■ REQUIREMENT ■
Look through the listing below for the line with "Это инновационное решение" and the line with "It looks great". Copy both, along with every line between them, exactly and with no pictures.

■ EXERCISE DATA ■
+ + + + + + +

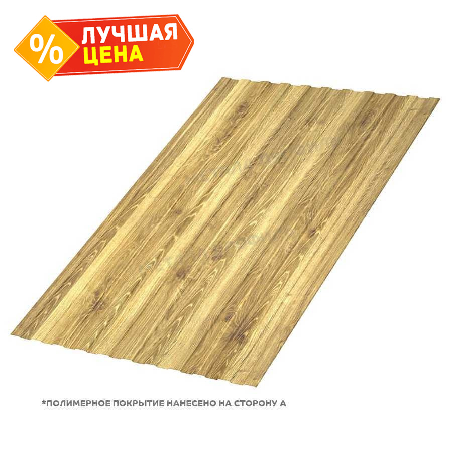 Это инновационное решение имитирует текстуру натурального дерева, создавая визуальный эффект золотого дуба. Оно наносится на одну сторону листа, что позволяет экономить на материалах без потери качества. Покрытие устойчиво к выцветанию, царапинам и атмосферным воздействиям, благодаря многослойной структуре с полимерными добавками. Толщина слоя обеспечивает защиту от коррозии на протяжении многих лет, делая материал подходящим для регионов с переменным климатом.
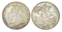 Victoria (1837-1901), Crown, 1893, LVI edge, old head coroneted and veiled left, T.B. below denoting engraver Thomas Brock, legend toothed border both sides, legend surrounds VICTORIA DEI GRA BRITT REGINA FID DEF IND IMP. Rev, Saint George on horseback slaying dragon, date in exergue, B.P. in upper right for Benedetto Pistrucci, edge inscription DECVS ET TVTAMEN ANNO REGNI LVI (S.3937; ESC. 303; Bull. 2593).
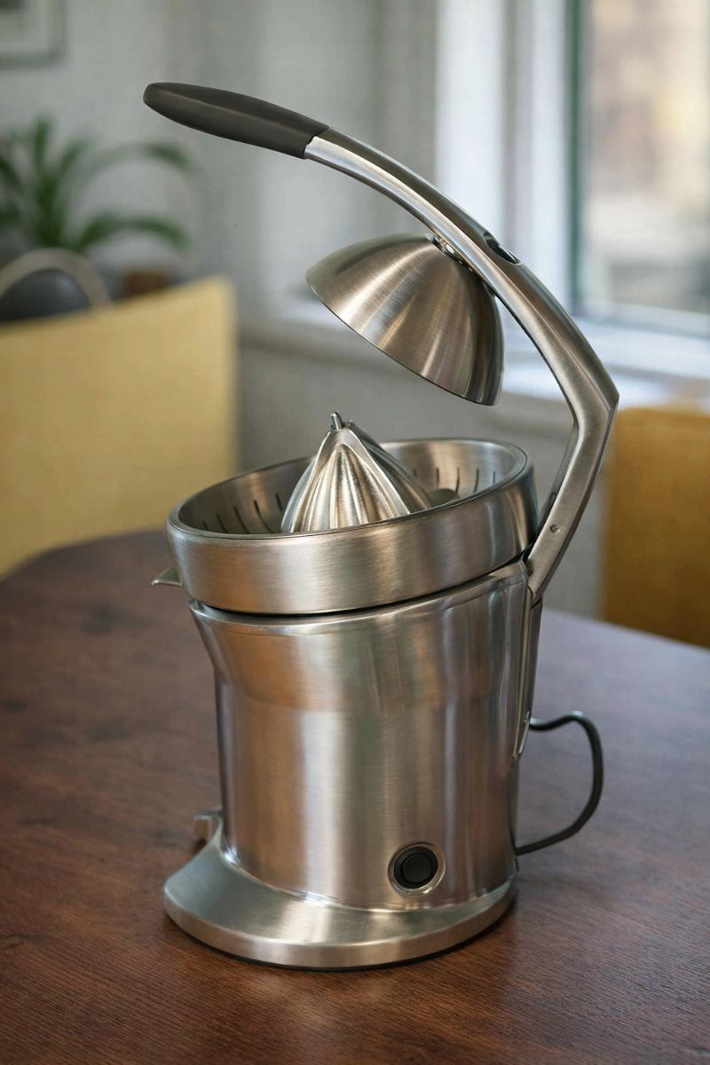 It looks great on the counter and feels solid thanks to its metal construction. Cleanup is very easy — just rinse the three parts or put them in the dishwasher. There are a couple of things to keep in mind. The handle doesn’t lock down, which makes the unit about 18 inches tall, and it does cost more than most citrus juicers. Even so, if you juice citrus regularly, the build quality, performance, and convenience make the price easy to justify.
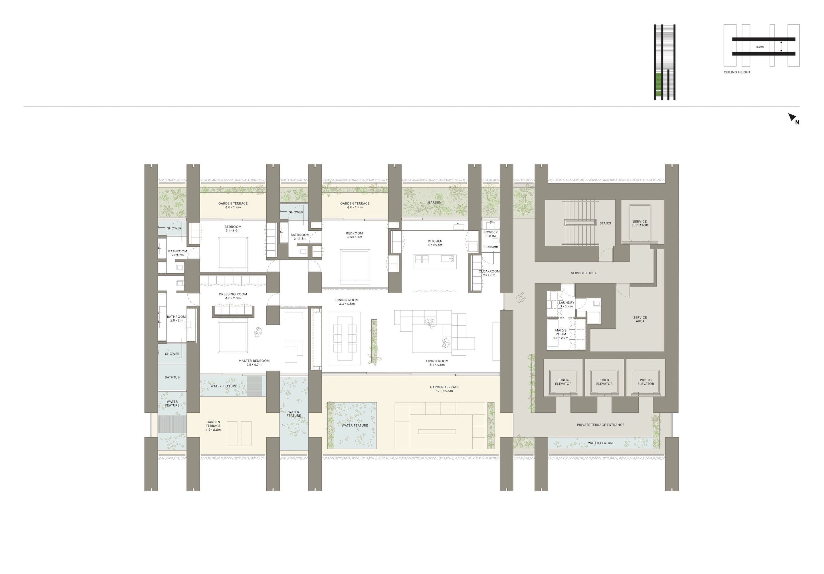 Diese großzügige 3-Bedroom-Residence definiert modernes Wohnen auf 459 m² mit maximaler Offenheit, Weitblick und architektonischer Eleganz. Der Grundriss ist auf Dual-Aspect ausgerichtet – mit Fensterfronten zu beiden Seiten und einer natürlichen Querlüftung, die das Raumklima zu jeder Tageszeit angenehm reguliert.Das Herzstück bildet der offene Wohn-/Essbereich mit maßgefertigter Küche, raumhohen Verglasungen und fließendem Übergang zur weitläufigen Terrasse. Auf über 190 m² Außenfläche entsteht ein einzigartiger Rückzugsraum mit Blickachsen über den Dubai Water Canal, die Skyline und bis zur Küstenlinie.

+ + + + + + +

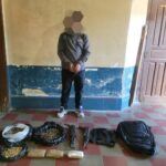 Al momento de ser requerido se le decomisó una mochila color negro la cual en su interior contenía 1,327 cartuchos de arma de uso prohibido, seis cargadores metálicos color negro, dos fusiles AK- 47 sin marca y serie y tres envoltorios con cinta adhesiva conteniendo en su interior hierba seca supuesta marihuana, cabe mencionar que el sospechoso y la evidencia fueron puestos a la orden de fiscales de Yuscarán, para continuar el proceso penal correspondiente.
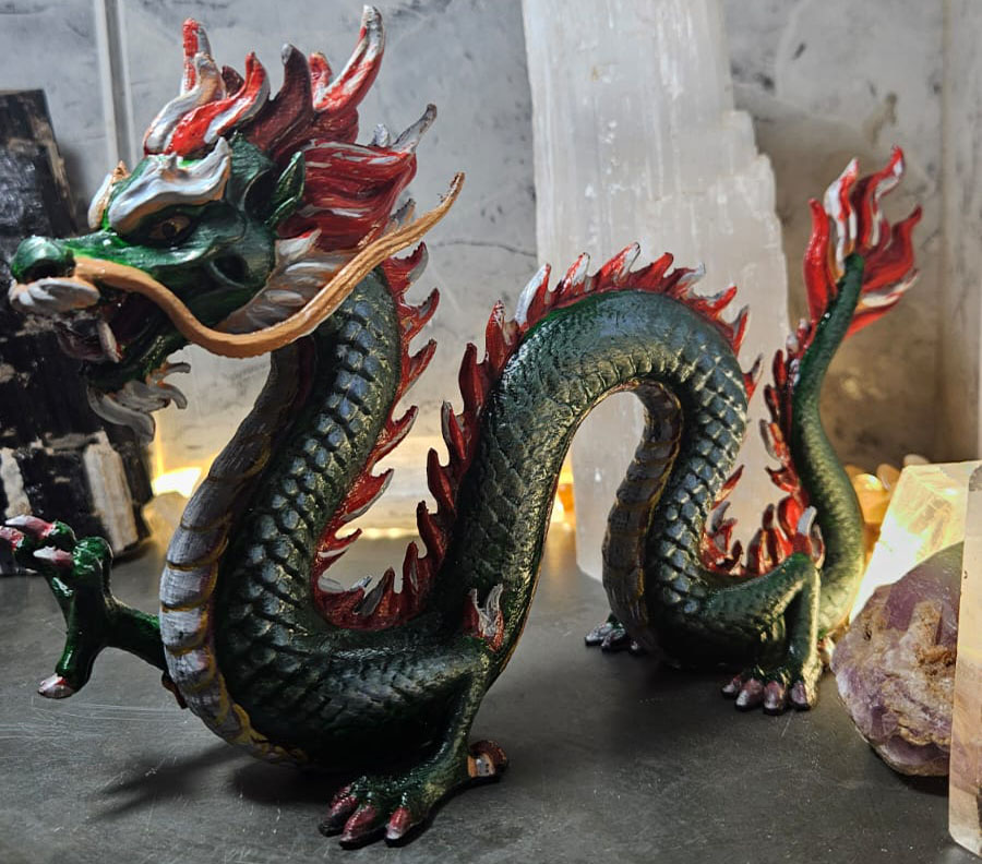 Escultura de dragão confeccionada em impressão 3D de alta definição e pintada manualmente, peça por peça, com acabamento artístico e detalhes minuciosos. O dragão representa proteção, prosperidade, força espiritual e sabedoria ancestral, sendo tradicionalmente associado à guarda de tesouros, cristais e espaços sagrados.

+ + + + + + +

■ YOUR RESPONSE ■
 Это инновационное решение имитирует текстуру натурального дерева, создавая визуальный эффект золотого дуба. Оно наносится на одну сторону листа, что позволяет экономить на материалах без потери качества. Покрытие устойчиво к выцветанию, царапинам и атмосферным воздействиям, благодаря многослойной структуре с полимерными добавками. Толщина слоя обеспечивает защиту от коррозии на протяжении многих лет, делая материал подходящим для регионов с переменным климатом.
 Victoria (1837-1901), Crown, 1893, LVI edge, old head coroneted and veiled left, T.B. below denoting engraver Thomas Brock, legend toothed border both sides, legend surrounds VICTORIA DEI GRA BRITT REGINA FID DEF IND IMP. Rev, Saint George on horseback slaying dragon, date in exergue, B.P. in upper right for Benedetto Pistrucci, edge inscription DECVS ET TVTAMEN ANNO REGNI LVI (S.3937; ESC. 303; Bull. 2593).
 It looks great on the counter and feels solid thanks to its metal construction. Cleanup is very easy — just rinse the three parts or put them in the dishwasher. There are a couple of things to keep in mind. The handle doesn’t lock down, which makes the unit about 18 inches tall, and it does cost more than most citrus juicers. Even so, if you juice citrus regularly, the build quality, performance, and convenience make the price easy to justify.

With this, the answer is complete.